The best entry point is a general-purpose AI assistant designed for enterprise use. It must be simple to access, require no setup, and provide immediate value across a range of roles. It must also meet enterprise requirements for data security, identity management, policy enforcement, and model transparency. This is not a niche solution. It is a foundation layer. It should allow employees to experiment, complete tasks, and build fluency in a way that is observable, governable, and safe.
Several platforms meet these needs. ChatGPT Enterprise provides a secure, hosted version of GPT-5 with zero data retention, administrative oversight, and SSO integration. It is simple to deploy and easy to use. Microsoft Copilot is embedded in Word, Excel, Outlook, and Teams. It is particularly effective in organizations already standardized on the Microsoft stack. Google Workspace Duet AI offers similar benefits across Gmail, Docs, and Sheets. Claude from Anthropic provides a high-quality alternative with strong summarization and long-context capabilities.

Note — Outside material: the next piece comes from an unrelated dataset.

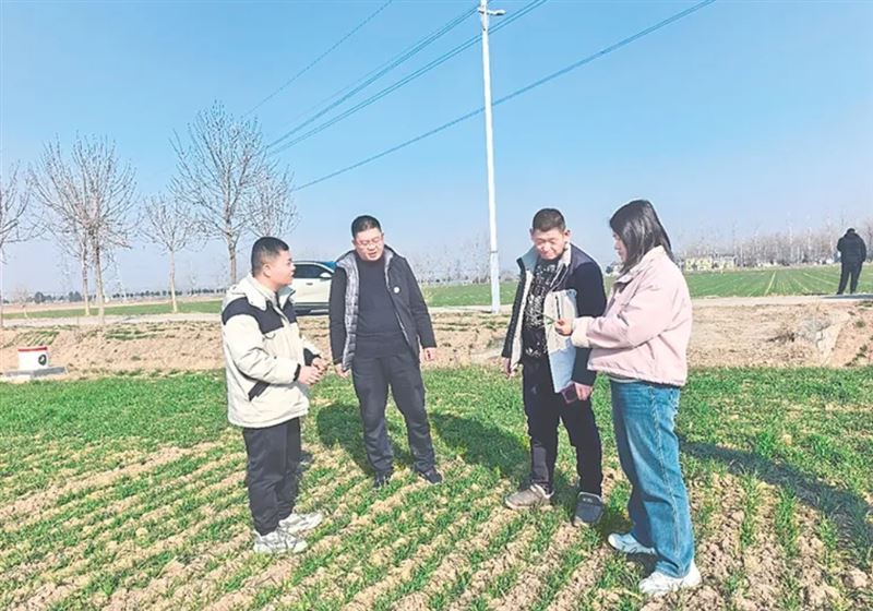 特派员们仔细核查小麦苗情,逐一记录地块情况,现场为麦田“把脉问诊”、分类施策。

Each platform has strengths and tradeoffs. What matters is not finding the perfect solution, but selecting one that users will adopt immediately and that the organization can govern responsibly. The platform must be extensible. It must allow the enterprise to move beyond Phase 1 without needing to rip and replace. But most of all, it must be usable on day one. If the tool is not helpful, if it is not trusted, or if it cannot be accessed without friction, adoption will stall before it starts.
Phase 1 is not about pilots or proof-of-concept exercises. It is about enabling the entire workforce to gain exposure to AI in a structured, monitored way. It is about helping users discover value in their own work and allowing the organization to observe where adoption is strongest. Everything that follows depends on this foundation. Productivity gains, workflow redesign, process optimization — none of it matters until employees are using AI tools to complete real work. The faster that happens, the faster the enterprise begins to understand where to invest and how to scale.
Adoption does not begin with a roadmap. It begins with access. When users have tools that are simple, safe, and useful, they will adopt them. When adoption is visible and measurable, the organization can plan for what comes next. This is not innovation theater. This is operational readiness. Enterprises that wait will fall behind, not because they lacked vision, but because they failed to enable action.